• [Work task] Leaving out all pictures, transcribe exactly the lines between the line with "The slicer is" and the last line of the records below, both included.

[Opening Supplied records section]

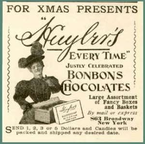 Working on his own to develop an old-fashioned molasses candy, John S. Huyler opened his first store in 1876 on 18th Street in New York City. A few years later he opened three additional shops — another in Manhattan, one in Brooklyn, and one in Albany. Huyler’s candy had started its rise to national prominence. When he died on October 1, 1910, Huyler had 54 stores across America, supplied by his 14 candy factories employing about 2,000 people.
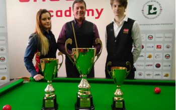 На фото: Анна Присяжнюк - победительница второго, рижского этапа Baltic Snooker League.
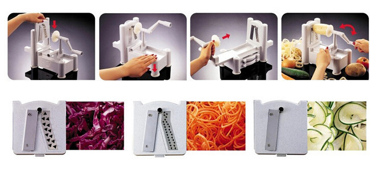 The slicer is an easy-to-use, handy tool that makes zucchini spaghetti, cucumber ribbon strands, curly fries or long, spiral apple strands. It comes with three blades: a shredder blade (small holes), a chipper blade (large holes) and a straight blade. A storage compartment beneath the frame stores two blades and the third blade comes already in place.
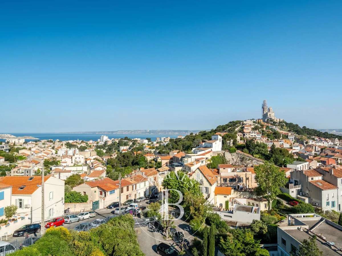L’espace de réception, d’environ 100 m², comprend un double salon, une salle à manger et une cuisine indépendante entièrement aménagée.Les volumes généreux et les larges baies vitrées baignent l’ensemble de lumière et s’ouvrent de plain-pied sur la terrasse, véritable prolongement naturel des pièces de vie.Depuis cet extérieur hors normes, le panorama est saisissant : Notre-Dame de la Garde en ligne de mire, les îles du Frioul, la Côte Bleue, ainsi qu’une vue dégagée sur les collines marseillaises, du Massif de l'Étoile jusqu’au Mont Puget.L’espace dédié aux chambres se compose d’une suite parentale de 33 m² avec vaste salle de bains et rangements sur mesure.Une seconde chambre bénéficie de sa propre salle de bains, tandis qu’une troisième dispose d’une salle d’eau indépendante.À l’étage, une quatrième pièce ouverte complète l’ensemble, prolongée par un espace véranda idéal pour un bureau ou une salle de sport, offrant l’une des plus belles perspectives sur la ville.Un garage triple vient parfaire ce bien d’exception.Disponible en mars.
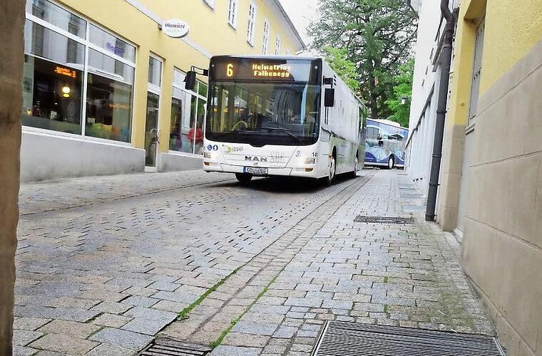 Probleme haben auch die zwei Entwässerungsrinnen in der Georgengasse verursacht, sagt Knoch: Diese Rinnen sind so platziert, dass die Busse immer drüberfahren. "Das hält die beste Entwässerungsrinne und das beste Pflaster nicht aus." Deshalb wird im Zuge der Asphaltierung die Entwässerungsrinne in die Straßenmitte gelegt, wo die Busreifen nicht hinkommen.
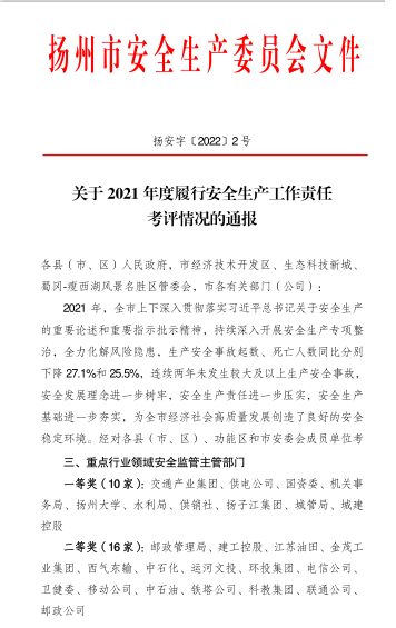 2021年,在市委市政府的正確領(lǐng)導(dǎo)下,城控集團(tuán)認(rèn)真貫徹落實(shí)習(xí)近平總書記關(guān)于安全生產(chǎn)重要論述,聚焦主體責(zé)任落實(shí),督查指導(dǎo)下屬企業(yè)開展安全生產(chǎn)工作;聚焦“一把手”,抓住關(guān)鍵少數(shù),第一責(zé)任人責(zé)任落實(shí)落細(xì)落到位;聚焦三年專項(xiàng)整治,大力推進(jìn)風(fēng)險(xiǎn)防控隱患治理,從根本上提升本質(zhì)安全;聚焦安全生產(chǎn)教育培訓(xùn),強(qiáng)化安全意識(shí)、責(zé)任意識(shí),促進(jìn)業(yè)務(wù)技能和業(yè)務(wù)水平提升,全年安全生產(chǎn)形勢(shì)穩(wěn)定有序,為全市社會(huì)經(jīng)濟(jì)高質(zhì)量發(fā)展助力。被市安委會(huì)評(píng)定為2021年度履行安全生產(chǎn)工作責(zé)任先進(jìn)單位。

[Closing Supplied records section]

• [Response]
 The slicer is an easy-to-use, handy tool that makes zucchini spaghetti, cucumber ribbon strands, curly fries or long, spiral apple strands. It comes with three blades: a shredder blade (small holes), a chipper blade (large holes) and a straight blade. A storage compartment beneath the frame stores two blades and the third blade comes already in place.
L’espace de réception, d’environ 100 m², comprend un double salon, une salle à manger et une cuisine indépendante entièrement aménagée.Les volumes généreux et les larges baies vitrées baignent l’ensemble de lumière et s’ouvrent de plain-pied sur la terrasse, véritable prolongement naturel des pièces de vie.Depuis cet extérieur hors normes, le panorama est saisissant : Notre-Dame de la Garde en ligne de mire, les îles du Frioul, la Côte Bleue, ainsi qu’une vue dégagée sur les collines marseillaises, du Massif de l'Étoile jusqu’au Mont Puget.L’espace dédié aux chambres se compose d’une suite parentale de 33 m² avec vaste salle de bains et rangements sur mesure.Une seconde chambre bénéficie de sa propre salle de bains, tandis qu’une troisième dispose d’une salle d’eau indépendante.À l’étage, une quatrième pièce ouverte complète l’ensemble, prolongée par un espace véranda idéal pour un bureau ou une salle de sport, offrant l’une des plus belles perspectives sur la ville.Un garage triple vient parfaire ce bien d’exception.Disponible en mars.
 Probleme haben auch die zwei Entwässerungsrinnen in der Georgengasse verursacht, sagt Knoch: Diese Rinnen sind so platziert, dass die Busse immer drüberfahren. "Das hält die beste Entwässerungsrinne und das beste Pflaster nicht aus." Deshalb wird im Zuge der Asphaltierung die Entwässerungsrinne in die Straßenmitte gelegt, wo die Busreifen nicht hinkommen.
 2021年,在市委市政府的正確領(lǐng)導(dǎo)下,城控集團(tuán)認(rèn)真貫徹落實(shí)習(xí)近平總書記關(guān)于安全生產(chǎn)重要論述,聚焦主體責(zé)任落實(shí),督查指導(dǎo)下屬企業(yè)開展安全生產(chǎn)工作;聚焦“一把手”,抓住關(guān)鍵少數(shù),第一責(zé)任人責(zé)任落實(shí)落細(xì)落到位;聚焦三年專項(xiàng)整治,大力推進(jìn)風(fēng)險(xiǎn)防控隱患治理,從根本上提升本質(zhì)安全;聚焦安全生產(chǎn)教育培訓(xùn),強(qiáng)化安全意識(shí)、責(zé)任意識(shí),促進(jìn)業(yè)務(wù)技能和業(yè)務(wù)水平提升,全年安全生產(chǎn)形勢(shì)穩(wěn)定有序,為全市社會(huì)經(jīng)濟(jì)高質(zhì)量發(fā)展助力。被市安委會(huì)評(píng)定為2021年度履行安全生產(chǎn)工作責(zé)任先進(jìn)單位。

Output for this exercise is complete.